If you were having an acceptably average week before Valentine’s Day weekend, Billy Ray Cyrus has now decided to ruin it for you, me, and everyone else who ends up hearing about his latest single and is morbidly curious enough to click ‘play’ on the video. The former country singer — who is now more well-known for being Miley Cyrus’ father than for his music career — has followed in his daughter’s footsteps by appropriating hip-hop in a failed attempt to make music that people will like.
The elder Cyrus has released the hip-hop infused follow-up to his horrible 1992 country hit “Achy Breaky Heart.” “Achy Breaky 2″ features the previously unknown rapper Buck 22, whose Twitter page says, “The new revolution of Country Music mixed with Hip-Hop. Join the movement.” The video gets a bizarre introduction from Larry King, who must have owed Cyrus some kind of huge personal favor as there is no other apparent reason for taking part in such a project. In addition to the rapping, Billy Ray also steals scantily clad women and twerking from his young daughter.

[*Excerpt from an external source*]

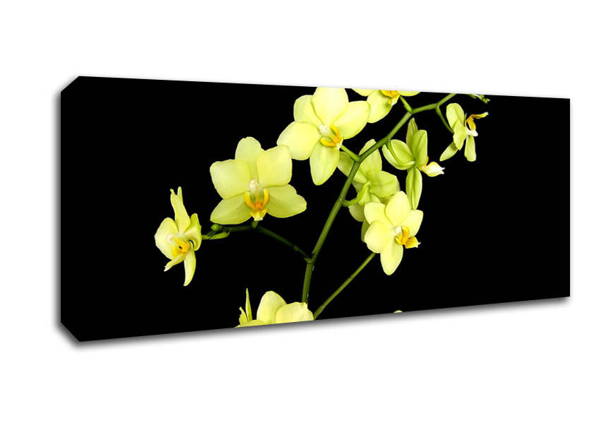 Yellow Star Flowers On Black Panoramic Canvas Print handmade in the UK. Stretched over a 2 inch thick wooden box frame, ready to hang on your wall.

The response on Twitter was less than warm. Several news outlets have already called it the worst song of 2014 and said that it’s a title the song is likely to keep even as the music industry continues to release awful music throughout the year.
This isn’t the first effort to bring together the seemingly disparate genres of country rap, which is also known as ‘hick-hop’ or, more accurately, ‘crap.’ The subgenre’s most famous singles include Nelly’s 2004 collaboration with Tim McGraw “Over and Over Again” and the truly nauseating “Accidental Racist” from Brad Paisley and LL Cool J.
A lot of ink has already been spilled over Miley’s appropriation of black culture in her music videos, personal style, dance moves, and speech. While some have criticized her for portraying a skewed vision of black culture from her privileged white perspective, others have said she’s just out to shock and shouldn’t be taken seriously. Miley defended her choice to incorporate hip-hop in her music in a Rolling Stone cover piece that came out in the fall, saying that, “I’m from one of the wealthiest counties in America. I know what I am. But I also know what I like to listen to. Look at any 20-year-old white girl right now — that’s what they’re listening to at the club.”
While Miley’s music is worth critiquing because it’s actually somewhat popular, Billy Ray’s monstrosity is completely laughable, devoid of any type of value, and not even worth the amount of thought that’s needed to make fun of it.